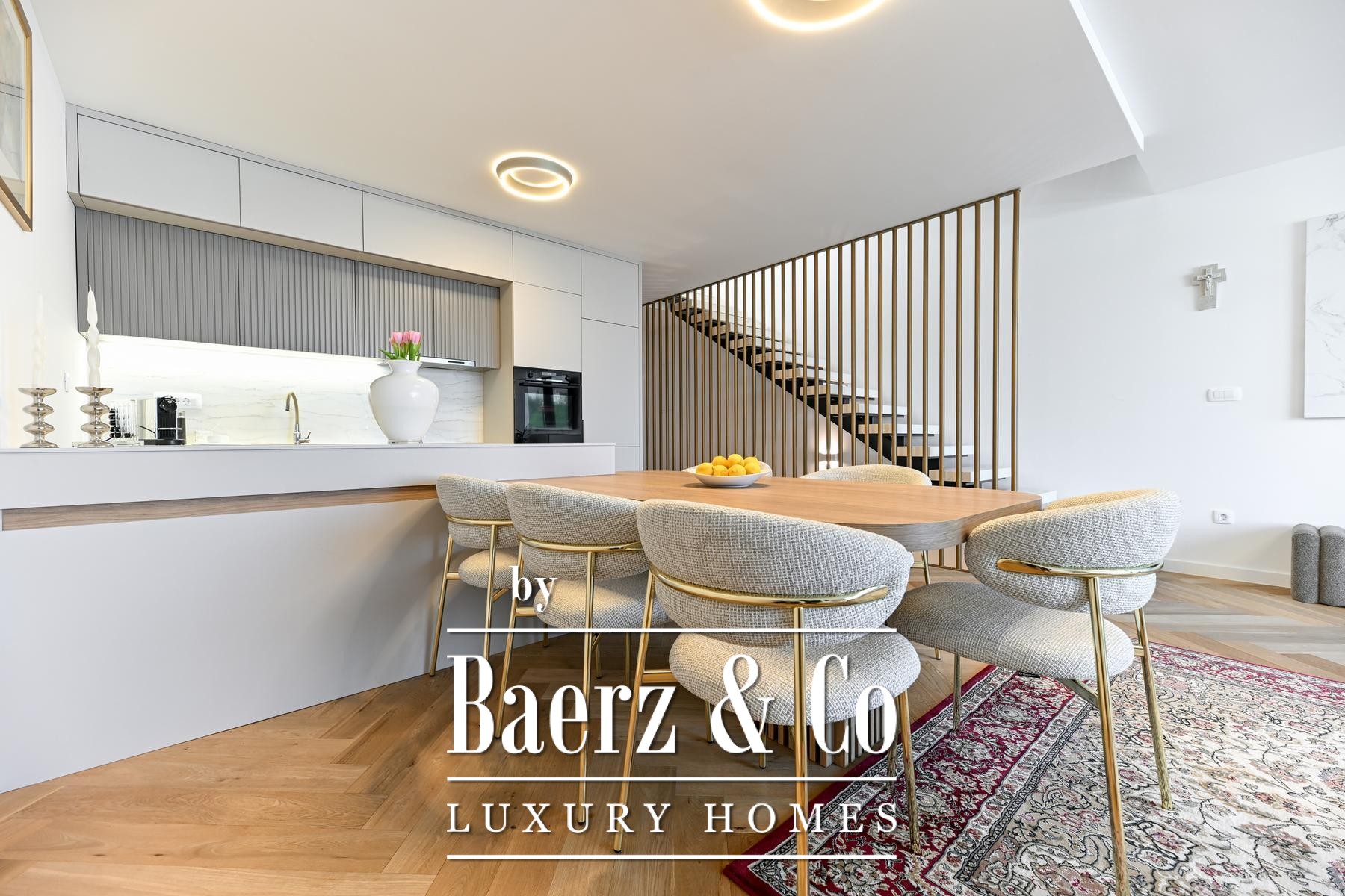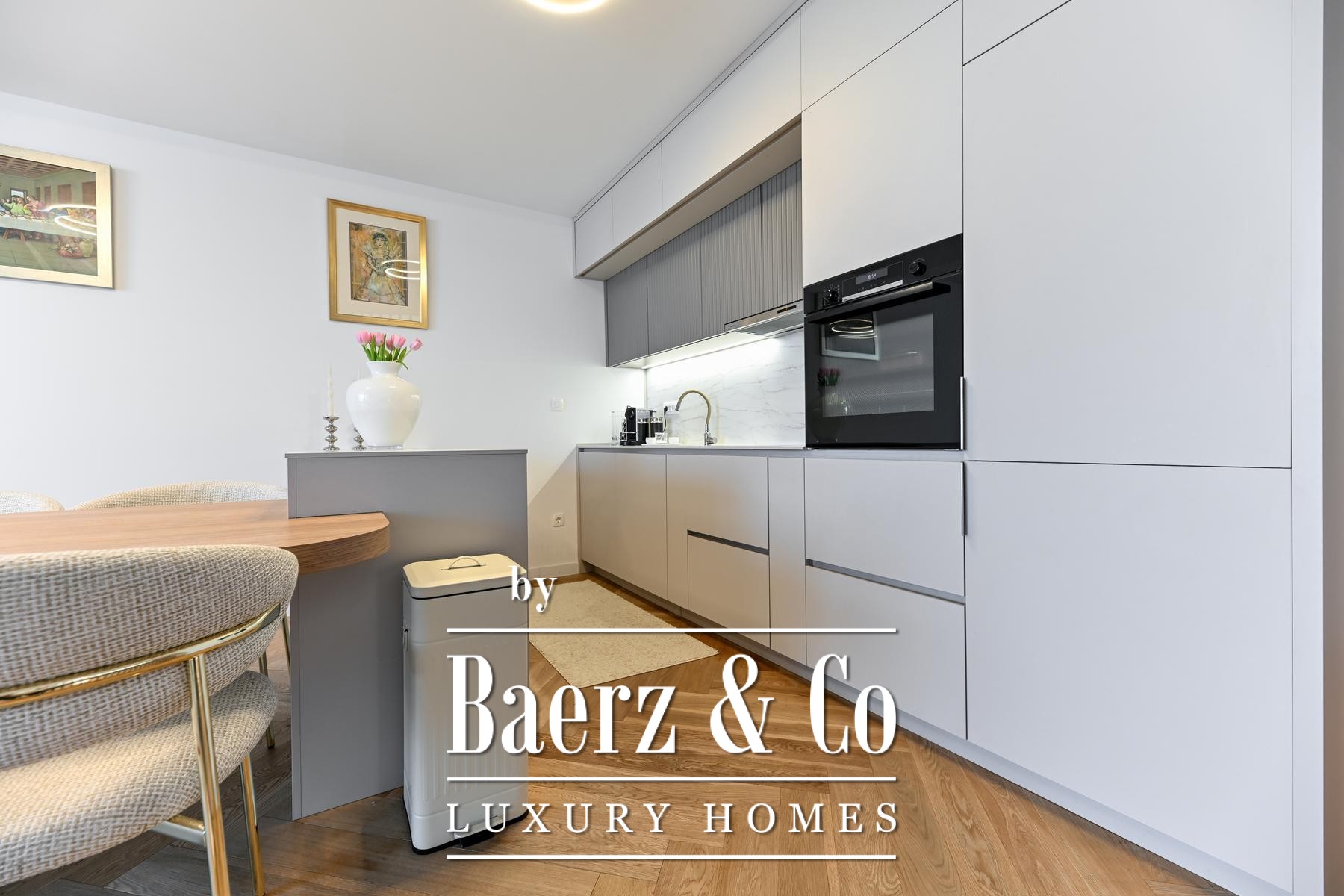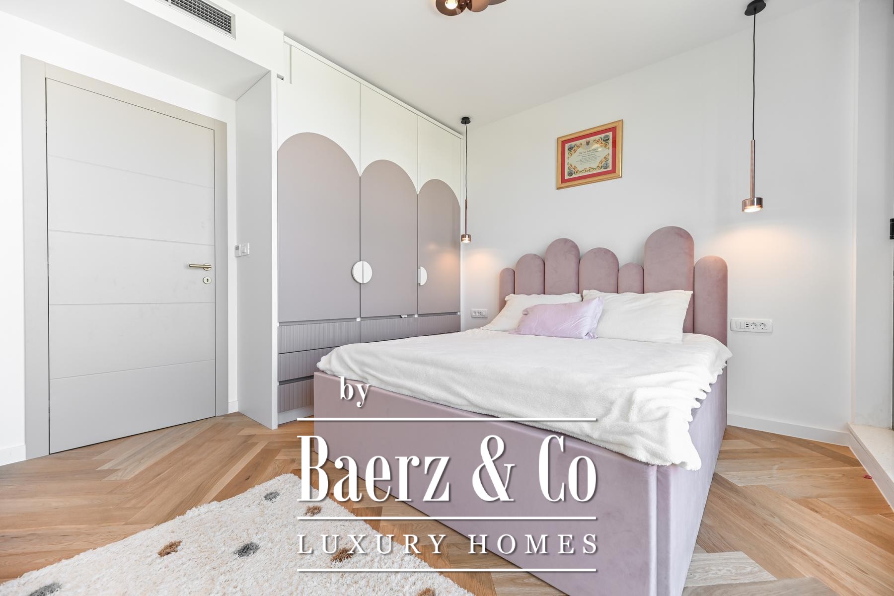 The top floor reveals a spacious, partially covered roof terrace with open sea panoramas. The ground floor extends to a terrace and garden space, ideal for a jacuzzi, sunbathing, or children’s activities, with several cascading gardens offering a sense of enclosure and privacy. The two bedroom apartment Podstrana enjoys a quiet microlocation, just minutes’ walk from the beach and a new promenade, providing access to the heart of the local community.
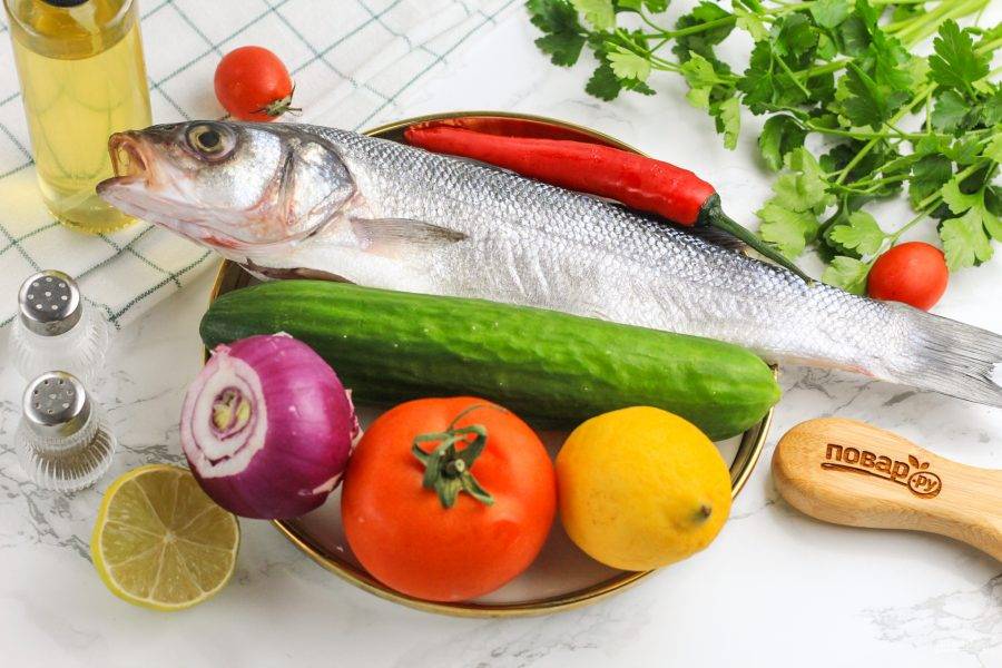 Подготовьте указанные ингредиенты. Лук очистите и промойте вместе с другими овощами. Сибаса выпотрошите, удалите чешую, промойте.
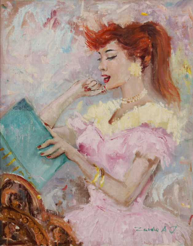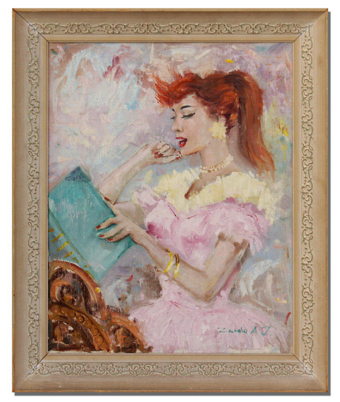 ILLEGIBLY SIGNED PAINTING OF A REDHEADED BEAUTY: Oil/Canvasboard, 20'' x 16'', signed lower right, framed, 24'' x 20''.
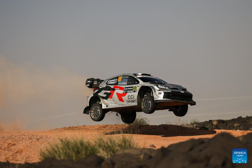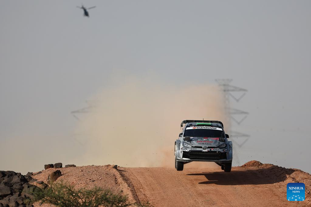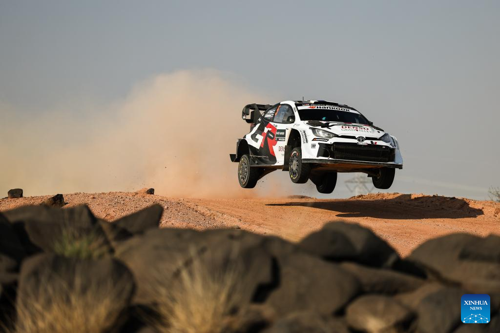 Toyota Gazoo Racing World Rally Team's British driver Elfyn Evans and British co-driver Scott Martin compete during the last day of the FIA World Rally Championship (WRC) Saudi Arabia in Jeddah, Saudi Arabia, Nov. 29, 2025. (Photo by Qian Jun/Xinhua)
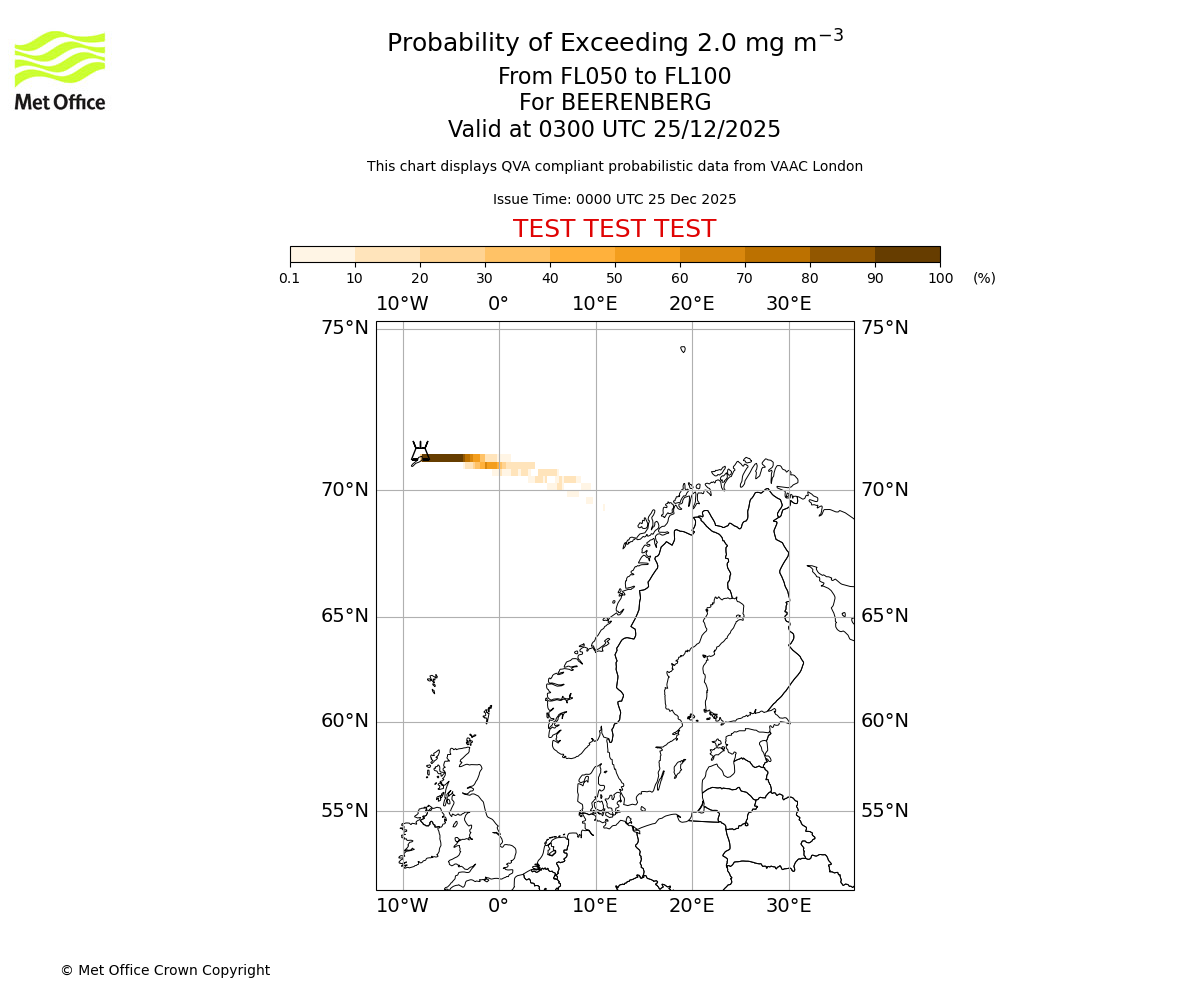 Probability of exceeding 2.0 milligrams per metre cubed. From 000 to 050 for BEERENBERG. Valid at 0300 UTC 25/12/2025

**WHAT THE TASK ASKS:** Using the records above, print exactly the lines between the ones containing "Подготовьте указанные ингредиенты." and "Toyota Gazoo Racing", inclusive, and nothing else; no pictures.

**WRITTEN REPLY:**
 Подготовьте указанные ингредиенты. Лук очистите и промойте вместе с другими овощами. Сибаса выпотрошите, удалите чешую, промойте.
 ILLEGIBLY SIGNED PAINTING OF A REDHEADED BEAUTY: Oil/Canvasboard, 20'' x 16'', signed lower right, framed, 24'' x 20''.
 Toyota Gazoo Racing World Rally Team's British driver Elfyn Evans and British co-driver Scott Martin compete during the last day of the FIA World Rally Championship (WRC) Saudi Arabia in Jeddah, Saudi Arabia, Nov. 29, 2025. (Photo by Qian Jun/Xinhua)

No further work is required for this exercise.